Kemenangan Paris FC atas PSG: Analisis Singkat
Skor 2-1 melawan PSG menjadi sorotan utama karena PSG berada dalam kondisi yang tidak ideal menjelang final UEFA Champions League melawan Arsenal. Pada laga tersebut, PSG menelan kekalahan setelah dua gol cepat dari Paris FC. Gol pembuka Paris FC dicetak oleh penyerang muda yang memanfaatkan kebobolan pertahanan PSG pada menit ke‑23. PSG berhasil menyamakan kedudukan lewat gol tunggal dari pemain pengganti pada menit ke‑55, namun pada menit ke‑78 Paris FC kembali memimpin lewat serangan balik yang berujung pada gol kedua.
Kekalahan ini menjadi pertandingan terakhir Ligue 1 bagi PSG sebelum menghadapi Arsenal di final Champions League pada 30 Mei 2026. Pelatih Luis Enrique menyatakan bahwa pertandingan melawan Paris FC memberikan peluang bagi pemain yang belum bermain, terutama menjelang pertandingan persahabatan internal yang direncanakan pada akhir pekan untuk menambah menit bermain bagi beberapa pemain yang kembali dari cedera.
Persiapan PSG Menjelang Final Champions League
Setelah kekalahan 2-1 melawan Paris FC, PSG mengumumkan rencana latihan intensif menjelang pertemuan melawan Arsenal di Budapest.
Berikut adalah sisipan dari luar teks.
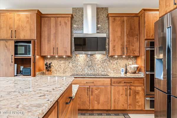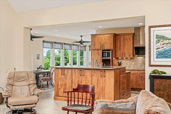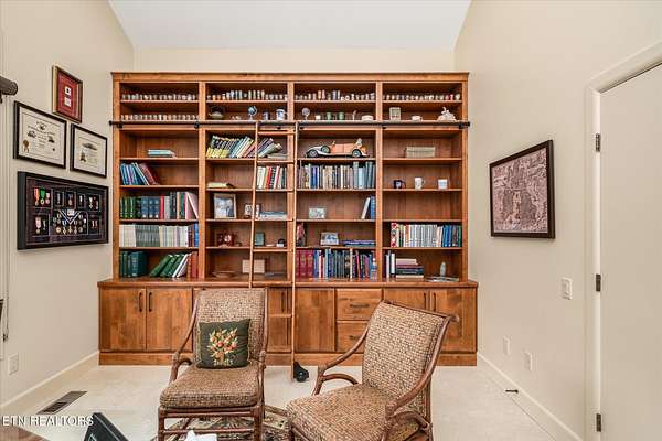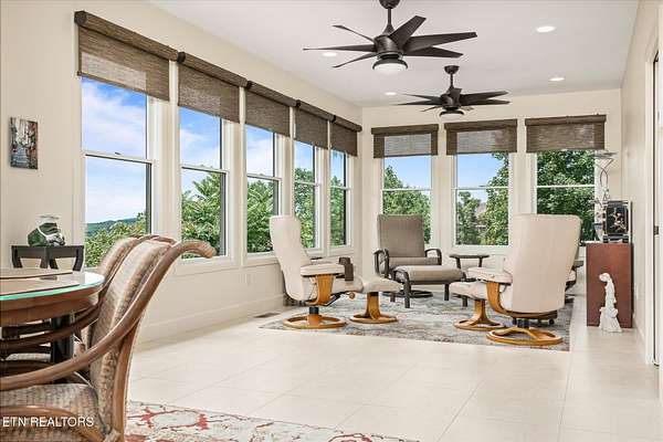 This elegant retreat in The Bluffs was built to celebrate the viewand your life within it. Set on 1.55 private acres, this custom-built retreat offers stunning views, striking architecture, and single-level living with style and substance. The thoughtfully designed layout features 4 bedrooms, 2 full baths, and 2 half baths, with both casual and formal living spaces that flow effortlessly for entertaining or everyday comfort. From the moment you walk in, you're greeted by soaring ceilings and a wall of windows that invite the outdoors in, while the show-stopping floor-to-ceiling granite fireplace anchors the main living space with timeless style. The gourmet kitchen features an oversized granite island, walk-in pantry, and seamless access to the dining area, sunroom, and screened balcony. Enjoy morning coffee from the screened balcony, work from the private office, and retreat to a serene primary suite complete with dual walk-in closets and a spa-style bathroom. There's even a large bonus room with its own half bath upstairs for hobbies, guests, or media space. With a 2.5-car garage, oversized laundry, two dedicated office spaces, and high-end finishes throughout, this home was designed for both function and wow factor. Perfectly positioned among mature trees with a sense of peace and privacythis is elevated living in one of Fairfield Glade's most sought-after settings. Buyer to verify all information before making an informed offer.
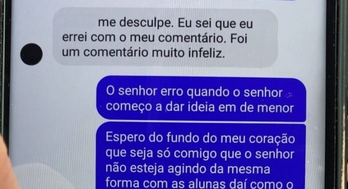 A mulher entregou prints de conversas por meio de um aplicativo entre o diretor e a estudante. Nas mensagens, o homem diz à menina coisas do tipo: “você está uma delícia” e “mexe com a minha imaginação.” Ele teria, inclusive, convidado a garota para sair.

Luis Enrique menegaskan pentingnya memberi menit bermain kepada pemain seperti Achraf Hakimi, Willian Pacho, dan Nuno Mendes melalui pertandingan persahabatan internal di Campus du Paris‑Saint‑Germain. Rencana tersebut dimaksudkan untuk mengurangi risiko cedera yang dapat terjadi jika PSG menjadwalkan laga melawan tim lain.
Sementara itu, Ousmane Dembélé harus menjalani perawatan khusus pada betis kanannya setelah mengalami ketidaknyamanan pada pertandingan melawan Paris FC. Dembélé digantikan pada menit ke‑30 dalam laga tersebut sebagai tindakan pencegahan. Klub menyatakan bahwa ia akan menjalani terapi selama beberapa hari ke depan, namun diharapkan kembali fit menjelang final melawan Arsenal.
Selain Dembélé, beberapa pemain kunci lainnya, termasuk Hakimi, Pacho, Nuno Mendes, dan kiper cadangan Lucas Chevalier, juga tengah kembali dalam program latihan individu setelah mengatasi masalah otot pada minggu terakhir.
Latar Belakang Kompetisi dan Dampaknya
Kekalahan melawan Paris FC menambah catatan negatif PSG di akhir musim, meskipun klub tetap berhasil mengamankan gelar Ligue 1 kelima beruntun dengan mengalahkan Lens 2-0 pada pekan sebelumnya. Di sisi lain, Paris FC kini menegaskan posisi mereka di papan tengah klasemen, dengan kemenangan ini menjadi bukti kemampuan mereka melawan tim raksasa.
Berita mengenai persiapan PSG dan cedera Dembélé juga menambah ketegangan bagi Arsenal, yang akan menantang PSG di final Champions League. Arsenal, yang pada saat itu masih bersaing untuk gelar Liga Premier, akan berhadapan dengan sebuah PSG yang memiliki pemain bintang namun sedang berusaha menyelesaikan masalah kebugaran menjelang pertandingan krusial.
Dengan demikian, pertandingan Paris FC vs PSG tidak hanya menjadi sorotan karena hasil yang tak terduga, tetapi juga menjadi titik balik bagi PSG dalam mengatur strategi dan memulihkan kondisi fisik pemain sebelum mengincar trofi Eropa.
Para penggemar sepakbola menantikan aksi akhir pekan ini, baik di Ligue 1 maupun di panggung Champions League, sambil mengapresiasi kontribusi Julien Lopez yang kini menjadi bagian penting dalam sejarah Paris FC.